(What is needed) The pictures in the listing below are to be skipped, while the lines between the line holding "The image shows" and the line holding "先来分析我们在x=8这条线上", inclusive, are to be output exactly.

(Extracted entries)
▬▬▬▬▬▬▬▬▬▬

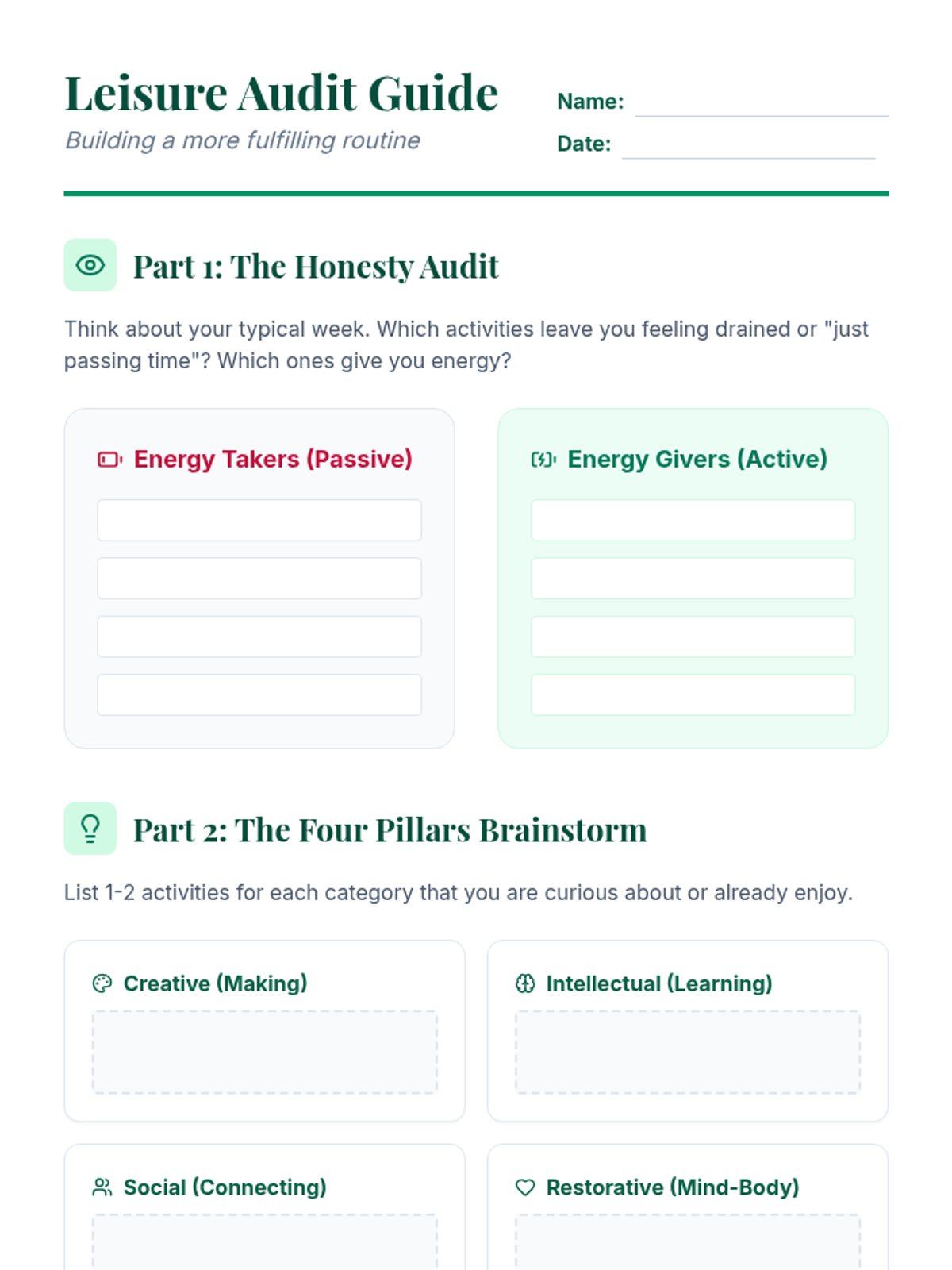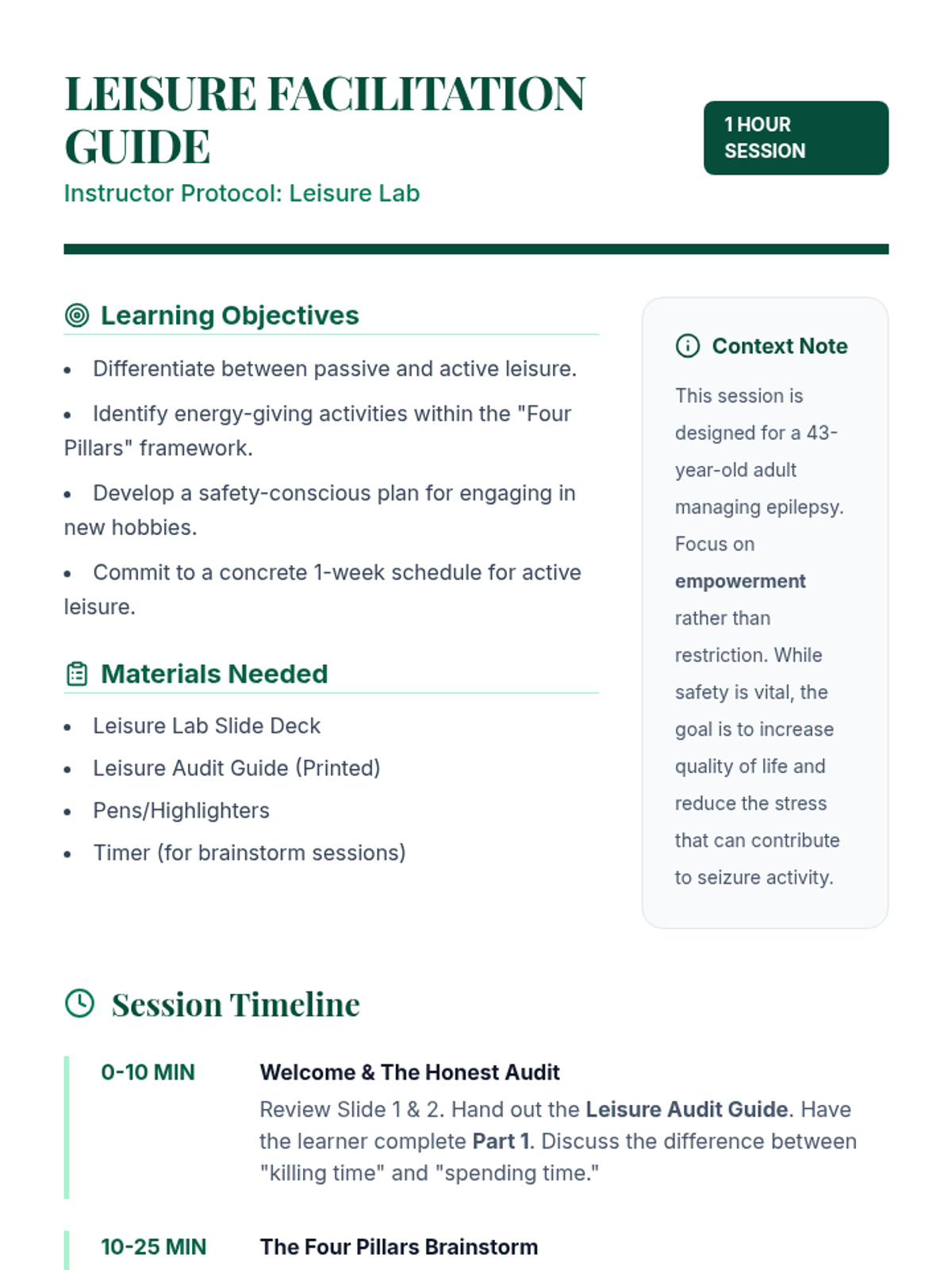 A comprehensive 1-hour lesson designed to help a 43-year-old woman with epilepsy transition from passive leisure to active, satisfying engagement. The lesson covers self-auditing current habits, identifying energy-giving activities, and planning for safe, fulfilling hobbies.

▬▬▬▬▬▬▬▬▬▬

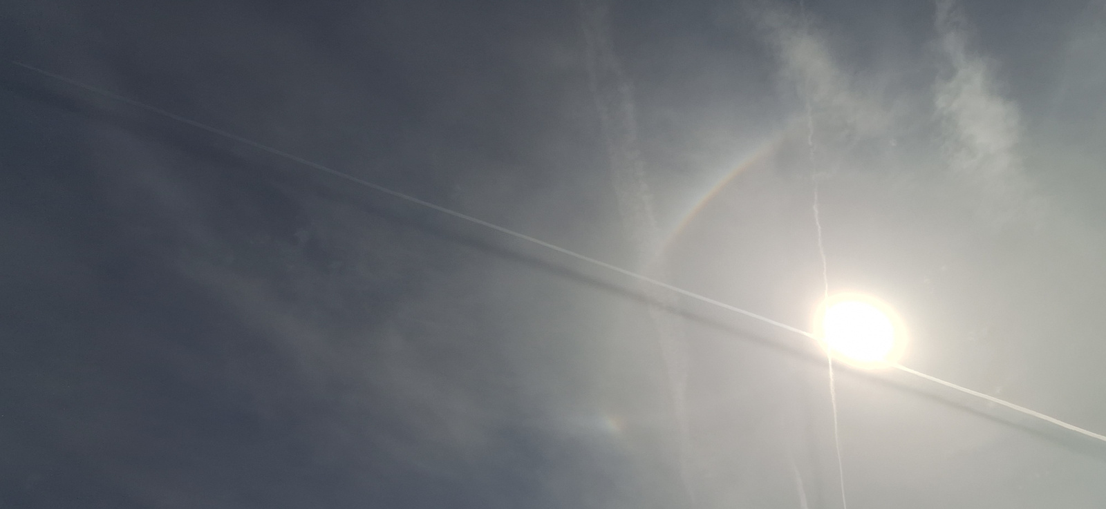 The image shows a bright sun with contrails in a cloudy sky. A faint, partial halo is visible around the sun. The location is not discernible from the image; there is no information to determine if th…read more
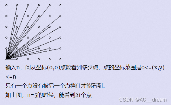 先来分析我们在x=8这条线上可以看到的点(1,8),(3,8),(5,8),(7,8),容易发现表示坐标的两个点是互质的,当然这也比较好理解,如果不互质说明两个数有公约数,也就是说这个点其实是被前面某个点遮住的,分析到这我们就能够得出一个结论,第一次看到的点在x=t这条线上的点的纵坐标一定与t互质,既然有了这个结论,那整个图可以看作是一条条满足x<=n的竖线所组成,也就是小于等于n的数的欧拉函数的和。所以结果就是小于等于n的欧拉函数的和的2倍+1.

▬▬▬▬▬▬▬▬▬▬

(Solution for this problem)
 The image shows a bright sun with contrails in a cloudy sky. A faint, partial halo is visible around the sun. The location is not discernible from the image; there is no information to determine if th…read more
 先来分析我们在x=8这条线上可以看到的点(1,8),(3,8),(5,8),(7,8),容易发现表示坐标的两个点是互质的,当然这也比较好理解,如果不互质说明两个数有公约数,也就是说这个点其实是被前面某个点遮住的,分析到这我们就能够得出一个结论,第一次看到的点在x=t这条线上的点的纵坐标一定与t互质,既然有了这个结论,那整个图可以看作是一条条满足x<=n的竖线所组成,也就是小于等于n的数的欧拉函数的和。所以结果就是小于等于n的欧拉函数的和的2倍+1.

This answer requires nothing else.